And 5, a piezoelectric actuator which is connected with an ultrasonic power supply and used for exciting the ultrasonic amplitude transformer to generate ultrasonic vibration, wherein 2 ultrasonic amplitude transformers are arranged on the piezoelectric actuator.
And 6 is an ultrasonic horn, the construction of which is shown in figure 2 and described in detail below.
Reference numeral 7 denotes a first connector for fixing the ultrasonic horn to the machine tool moving table by a washer and a bolt, as shown in fig. 3. Wherein the connection position of the special structure connecting piece and the ultrasonic amplitude transformer is the vibration mode node of the ultrasonic amplitude transformer.
8 is a first supporting device, which is concave, wherein the outer side is octahedral, and the inner side is hexahedral. The supporting device is fixedly connected with the top end of the ultrasonic amplitude transformer.
And 9 is a high-speed motor for driving the grinding wheel and the transmission device to rotate, and is tightly clamped with the bottom end of the first supporting device 8 through a supporting gasket and a connecting piece 10, and the supporting gasket and the connecting piece are in vibration isolation, so that the vibration of the high-speed motor is reduced.
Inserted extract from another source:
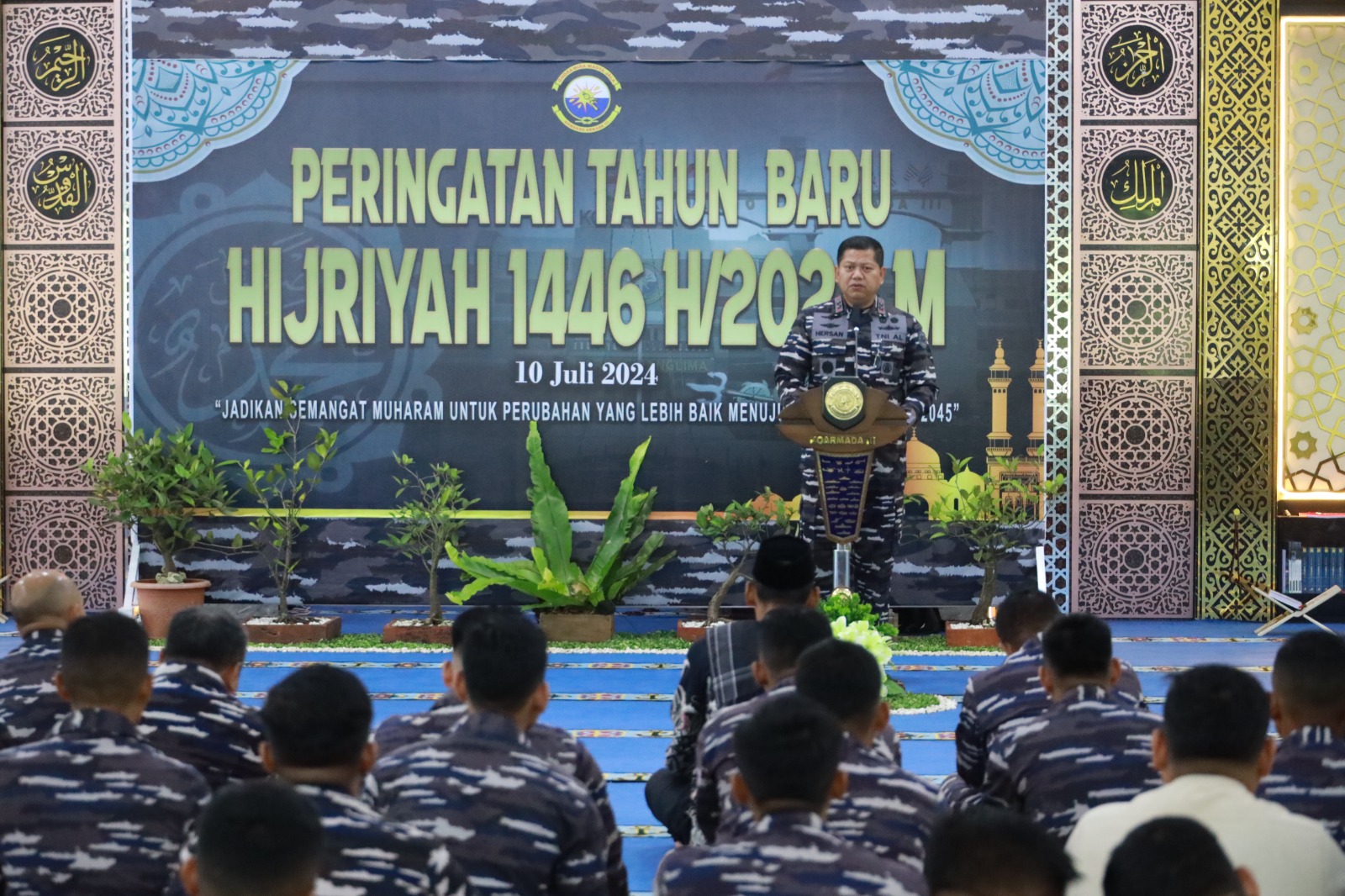 Dalam sambutannya Pangkoarmada III menyampaikan bahwa peristiwa Hijrahnya Nabi Muhammad SAW, mengajarkan kepada kita bahwa hijrah tidak hanya bermakna perpindahan secara fisik belaka tetapi juga merupakan upaya perpindahan yang menyeluruh, baik fisik maupun mental seseorang menuju kehidupan yang lebih baik dalam mencari ridho Allah SWT.

And 10 is a second connecting piece, wherein the second connecting piece is annular, the outer side is hexahedral, the inner side is arc-shaped, and the inner side and the outer side of the connecting piece are respectively provided with a composite gasket formed by compounding glass fibers and rubber. The connector 10 is a high manganese steel washer.
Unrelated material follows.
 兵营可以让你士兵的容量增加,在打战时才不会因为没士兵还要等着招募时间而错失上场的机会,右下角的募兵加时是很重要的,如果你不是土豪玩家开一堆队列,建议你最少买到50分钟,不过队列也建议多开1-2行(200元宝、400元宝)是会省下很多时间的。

11 is a drive shaft which transmits high-speed rotational motion to the eccentric disc 12.
12 is an eccentric disc which is cylindrical and has a node located away from its axis L for mounting an eccentric shaft member 14.
The grinding wheel 13 is a disc-shaped grinding wheel, the outer edge structure of the grinding wheel is consistent with the outer thread structure of the ore lifting pipe, and profiling is realized, and the grinding wheel is connected with the eccentric disc through the eccentric part 14.
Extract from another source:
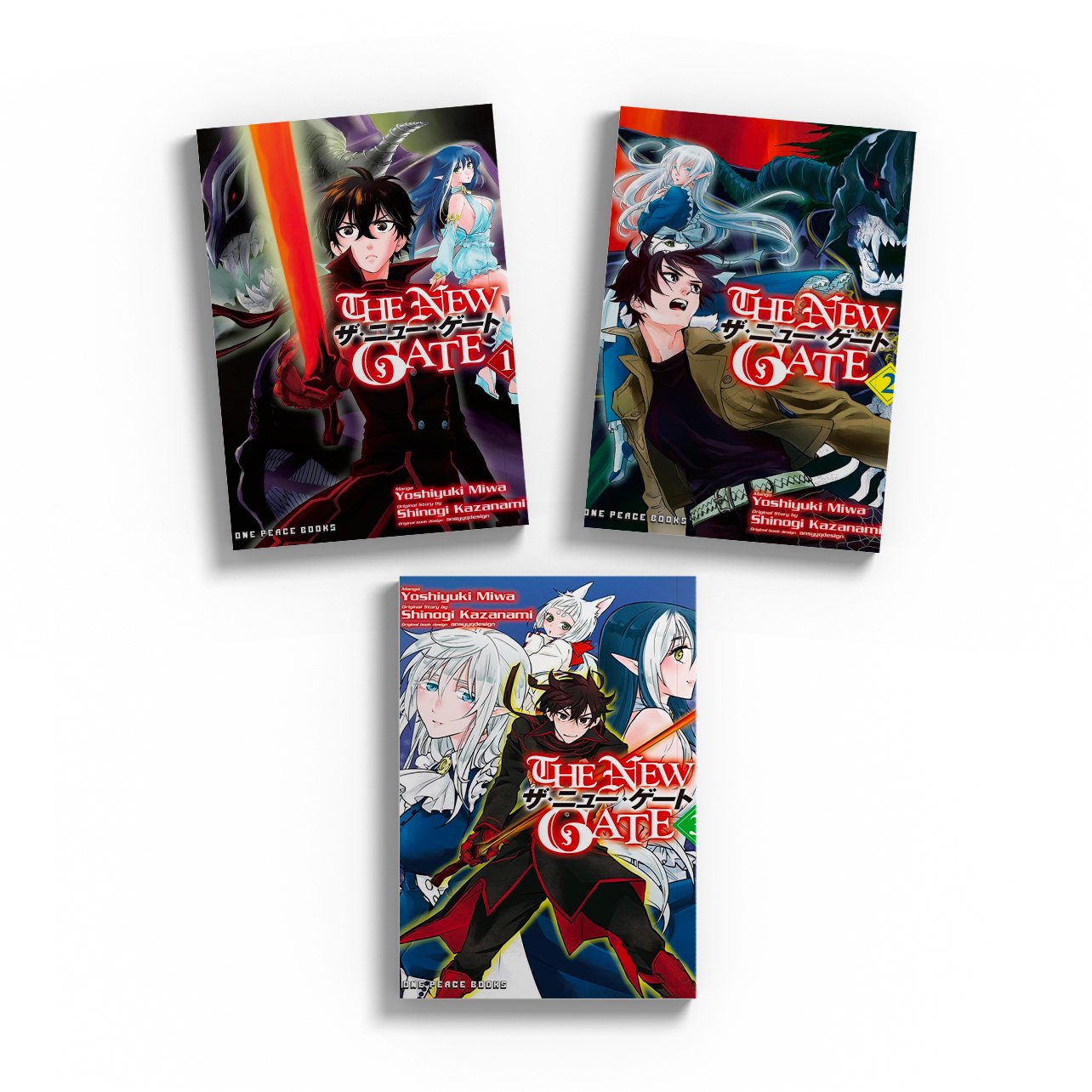 The New Gate manga volume 1 features story by Shinogi Kazanami and art by Yoshiyuki Miwa.

And 14 is an eccentric part, and is connected and fixed with the grinding wheel 13 through bolts and clamping grooves, and the eccentric disc 12. Ultrasonic axial (horizontal) and radial (vertical) vibration and high-speed rotary motion are realized.
15 is the third connecting piece, transmits the ultrasonic vibration of first strutting arrangement 8 to the eccentric disc, and the connecting piece 15 outside is fixed through the bolt draw-in groove connection with first strutting arrangement 8, and the inboard is connected with the eccentric disc through the bearing, and the rotation of eccentric disc can not cause the interference to connecting piece 15, and the ultrasonic axial (horizontal) and the radial (vertical) vibration of connecting piece 15 can transmit for eccentric disc 12.
And 6 is an ultrasonic vibration amplitude transformer, and the structure of the ultrasonic vibration amplitude transformer is shown in figure 2.
And 61 is the amplitude output end of the ultrasonic amplitude transformer, and the diameter of the amplitude output end is D.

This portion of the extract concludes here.